The Country Girl has a rather musty feel given its production date but it is an interesting-enough failure. Firstly, and positively, because the play by Clifford Odets on which it is based has some dramatic potential, and secondly, and more negatively, because it is such an unusual genre-melding work, part weepie, part romance, part back-stage musical (with songs by Harold Arlen and Ira Gershwin).

Bing Crosby plays a once-headlining Broadway star, Frank Elgin, who has taken to drink because of personal tragedy. He’s given a chance at a come-back by stage director, Bernie Dodd (William Holden), who believes that Frank’s wife, Georgie (Grace Kelly), rather than the bottle, is holding him down. Crosby has a shot at high-end acting (he received an Oscar nomination for his effort) but is much more in form when he’s singing. Kelly won the Best Actress Oscar for her role as the long-suffering wife (and the title's girl from the country), although this is largely because she goes through most of the film trying to look dowdy (although she does get to glam up in the final section of the film) rather than for any notable dramatic performance . Only William Holden sticks to his familiar tough-guy persona, providing a typically solid base for his oddly-cast or perhaps simply mis-cast co-leads.

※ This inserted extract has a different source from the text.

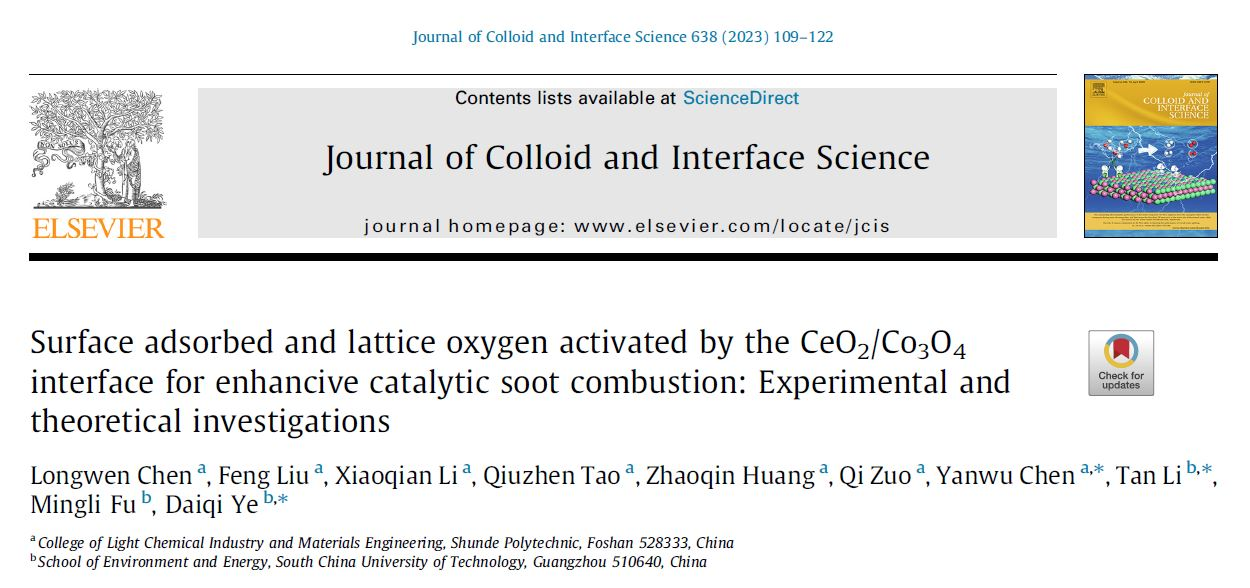 该期刊创刊于1966年,为界面科学领域著名老牌期刊、中科院一区Top期刊,最新影响因子为9.965。这是轻化与材料学院在影响因子10层级的国际顶级学术期刊发表研究论文,该工作得到国家自然科学基金、广东省基础与应用基础研究基金、广东省普通高校特色创新类项目等基金的支持。该研究从实验验证与理论计算两方面入手,深入探究了CeO2/Co3O4界面激活的表面吸附氧和晶格氧对碳烟燃烧的增强作用机理,全面阐释了金属氧化物界面在调节催化材料活性方面的重要性,从界面工程角度为设计和优化新型高效催化剂提供了原创性指导思路。

Seaton doesn’t do anything of interest with the material which tends to be slow and slightly re-iterative in revealing the relationship between Frank and Georgie before suddenly veering into romantic territory as Bernie is apparently turned on by his battles with Georgie. That this development seems so out-of-the-blue is indicative enough of the problems that the film has in establishing both the right narrative tone or emotional dynamics between the main characters.